Staining protocols: One of the main challenges in Ki67 assessment is the lack of negative control, as all tissues have some proliferation that is highlighted by Ki67 IHC. This has resulted in different dilutions of antibodies leading to different intensities of nuclear staining across different laboratories. NordiQC recommends using the tonsil as an external positive and negative control. They recommend strong to moderate staining of all B cells in the dark zones, with weak to moderate staining of B cells in the light zones and no staining of the mantle zone (Figure 1). With the liver and pancreas as supplementary negative controls, <1% of hepatocytes and cells of the exocrine pancreas should be positive (Figure 2).
Method of assessment: Visual methods and/or automated image analysis may be used.
Visual methods:
Global assessment (per IKWG): counting four sets of 100 cells, attempting to derive an average score across the tumor [16].
Weighted global assessment (per IKWG): as for global assessment but weighted according to the estimated percentage of the total tumor area covered by each of high, medium, low, or negligible Ki67 staining levels (of note, this method gave the best concordance between observers [18]).
Hot spot assessment: counting a single field of 500 cells in the tumor area with the highest rate.
The IKWG, in their Phase Three validation study, compared three Ki67 scoring methods (global, weighted global and hot spot) on 30 core biopsies. Only the unweighted global scoring method met the prespecified criterion for success, whereas the weighted global and the hot spot methods failed to meet this criterion marginally [18]. In phase 3b, the IKWG whole tissue sections were stained, and two scoring methods were compared: global and hot spots. They showed similar results with the global method meeting the prespecified criterion for success, while the hot spot assessment did not. A high intraclass correlation coefficient between two scorers in both global weighted (ICC 0.915, 95% confidence interval) and global unweighted (ICC 0.920, 95% confidence interval) assessment has been demonstrated [31]. A free app (Ki67 scoring app) developed by the IKWG is available to assist with Ki67 weighted and unweighted global assessment (https://play.google.com/store/apps/details?id=ca.ubc.gpec.ki67counter&hl=en_CA&gl=US) (accessed on 15 February 2023).

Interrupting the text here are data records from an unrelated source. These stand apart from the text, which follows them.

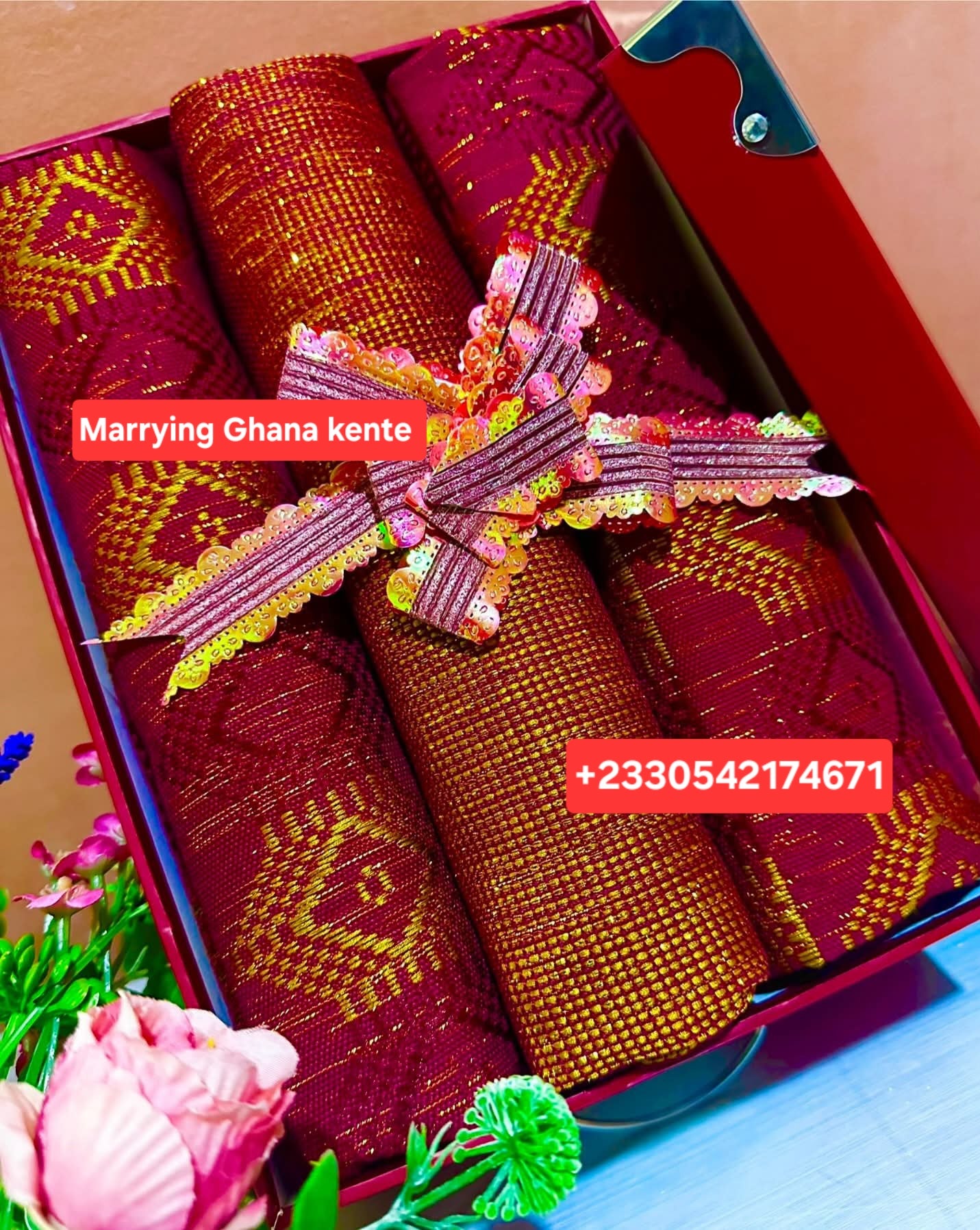 This fabric is the original Kente cloth and we cut no corners as many do to raise their profit by using a cheaper china thread that has flooded the market, where as we offer a guarantee for the real fabric and unlike many others, you get the design you see in the image and not something one may think is similar as we boost having the top weavers and designers in Ghana.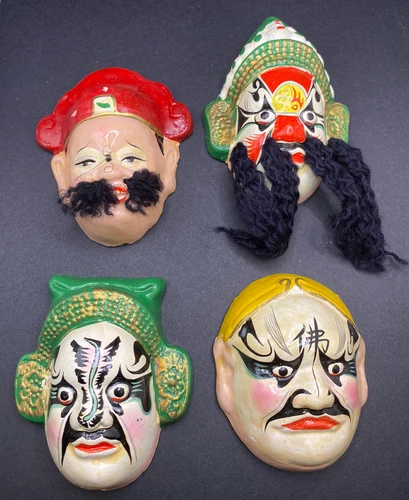 VINTAGE 4 Small Hand painted KABUKI CLAY ORIENTAL MASKS HIGHLY DETAILED W/ Box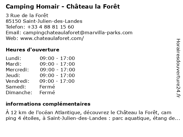 Termes de recherche pour Camping Homair - Château la Forêt:la, chateau, foret, camping, location de mobil-home, camping avec piscine, camping 4 étoiles, camping avec parc aquatique, camping club enfants, camping animation, camping au chateau, camping avec piscine couverte, camping avec toboggan aquatique, camping château la forêt, camping marais poitevin, camping pays de la loire, camping saint julien des landes, camping vendée, homair |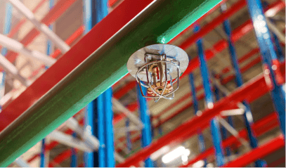 Automated water-based fire suppression system activated by heat, commonly used in industrial buildings, warehouses and commercial buildings.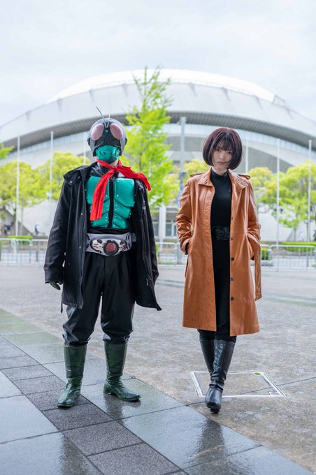 シン・仮面ライダー 本郷猛 / 仮面ライダー @j_manjigatame 緑川ルリ子 @mokorosu Photo @abios_2004 小雨でもありかな!と思い撮ってもらいました #ニコニコ超会議2023 #ニコニコ超会議2023コスプレ #ニコニコ超会議コスプレ #超会議2023 #超会議コスプレ

In the monarchE study, the entire tissue was scored, and if hot spots were present in the tissue section, they were included in the final Ki67 score [21].
The task force recommends using IKWG’s global assessment method to reflect an average score across the tumor. Figure 3 illustrates how to select four high-power fields for global Ki67 assessment across the tumor. If the case is close to the 20% cutoff, reporting both weighted and unweighted (%) scores is recommended. Counting additional cells may be useful in borderline cases (see below).

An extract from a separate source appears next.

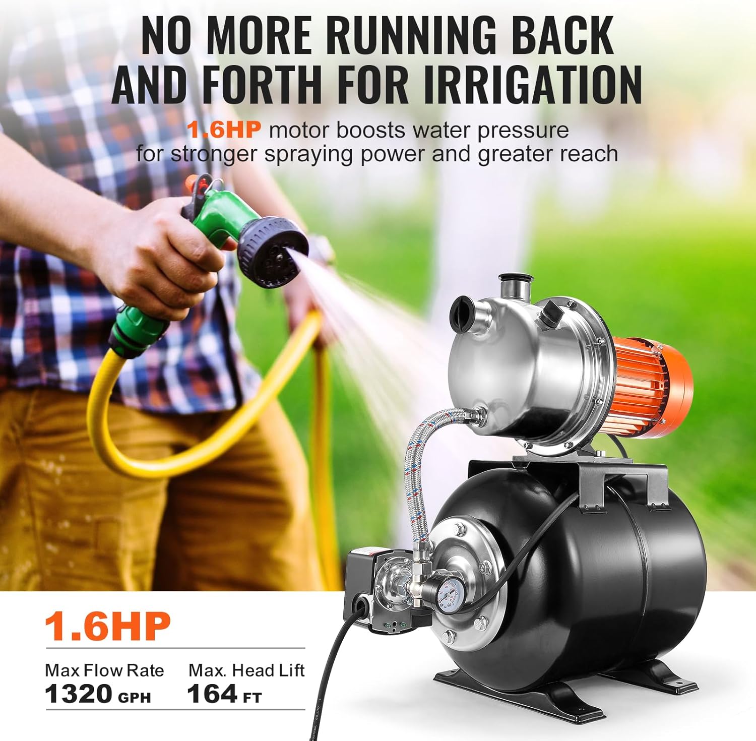 VEVOR 1.6 HP Shallow Well Pump With Pressure Tank, 1320 GPH, Automatic Irrigation Water Booster, 5-Gal Tank 30/50 PSI Switch, Stainless Steel Head for Home Garden Lawn

Image analysis systems: Laboratories with access to such technology are encouraged to use it in association with global assessment methods. The open-source QuPath platform demonstrated an excellent interclass correlation that outperformed visual counting [32].
The IKWG performed a Ki67 image analysis study which included 30 breast carcinomas, 7 different scanners and 10 platforms. Automated assessments of average and maximum counts were calculated. The intraclass correlation coefficient (ICC) for average scores was 0.83 (for 16 operators), and the ICC for maximum scores was 0.63 (for 10 operators) [33].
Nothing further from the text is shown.